A Sensitive and Low-cost Analytical Method for the Electrochemical Determination of Quercetin, Based on 1-Ethylpyridinium Bromide/Carbon Paste Composite Electrode
Author(s) -
Francis Tchieno,
Ignas Kenfack Tonlé,
Evangéline Njanja,
Emmanuel Ngameni
Publication year - 2015
Publication title -
international journal of chemistry
Language(s) - English
Resource type - Journals
eISSN - 1916-9701
pISSN - 1916-9698
DOI - 10.5539/ijc.v7n2p27
Subject(s) - chemistry , bromide , electrode , supporting electrolyte , detection limit , electrochemistry , cyclic voltammetry , carbon paste electrode , electrolyte , voltammetry , analytical chemistry (journal) , electroanalytical method , inorganic chemistry , chromatography , potentiometric titration
We report a simple, sensitive and low-cost electrochemical procedure for the quantification of quercetin (QCT), a flavonoid and an antioxidant, based on 1-ethylpyridinium bromide modified carbon paste electrode. A 1-ethylpyridinium bromide/carbon paste composite electrode was used.
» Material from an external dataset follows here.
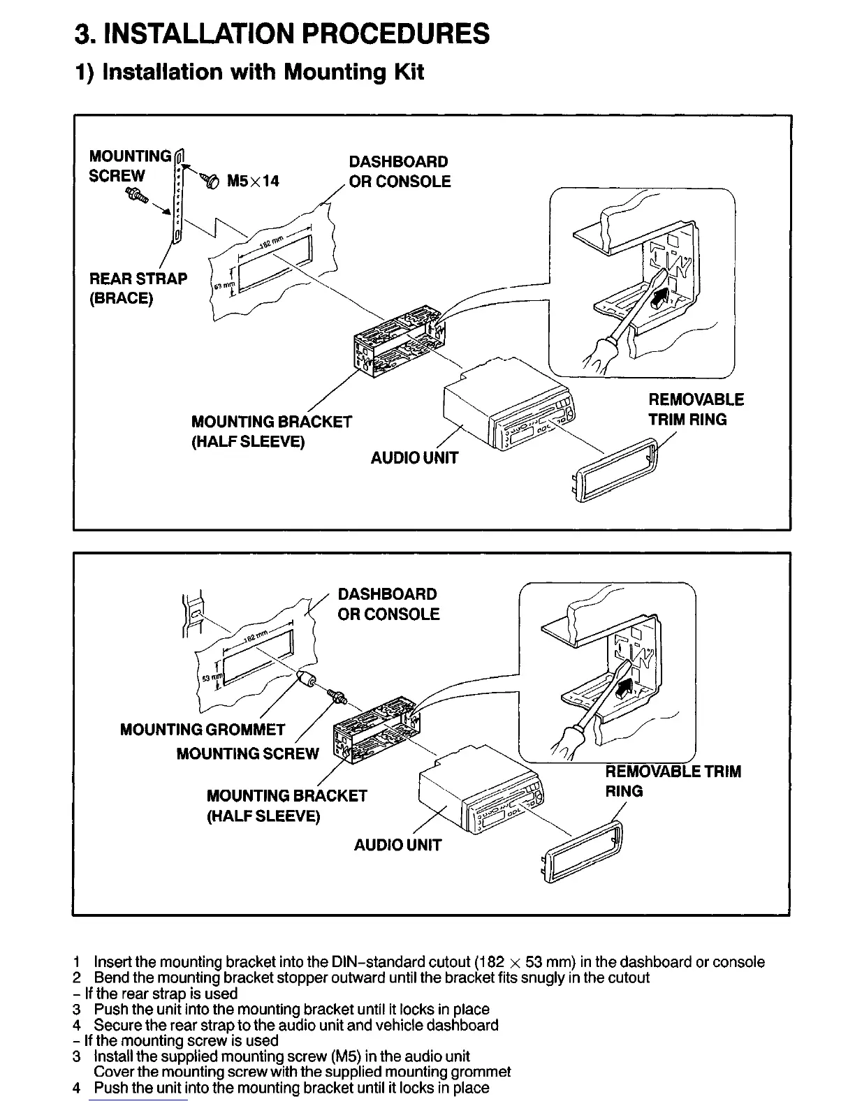1 Inset-t the mounting bracket into the DIN-standard cutout (182 x 53 mm) in the dashboard or console

The cyclic voltammogram of QCT showed two oxidation peaks at +0.575 V (vs Ag/AgCl/3M KCl) and +0.865 V (vs Ag/AgCl/3M KCl), and a reduction peak at +0.371 V (vs Ag/AgCl/3M KCl) in HCl/KCl solution at pH 1. Differential pulse voltammetry (DPV) analysis in HCl/KCl at pH 1 showed three well-defined oxidation peaks while a single peak was recorded in phosphate buffer at pH 3. The peak currents of QCT significantly increased at the 1-ethylpyridinium bromide modified electrode in comparison with those recorded at the bare carbon paste electrode. This allowed the use of adsorptive stripping voltammetry to develop a simple and sensitive electroanalytical method for the determination of QCT. Key experimental parameters such as pH of the supporting electrolyte, the preconcentration time, the electrolysis potential, electrode composition, QCT concentration and interferents were investigated. The current response was found to be directly proportional to the concentration of QCT in the range from 2.48 x 10-7 M to 7.43 x 10-6 M, leading to a detection limit of 4.48 x 10-8 M. The developed analytical method was successfully applied to the determination of QCT in human urine samples.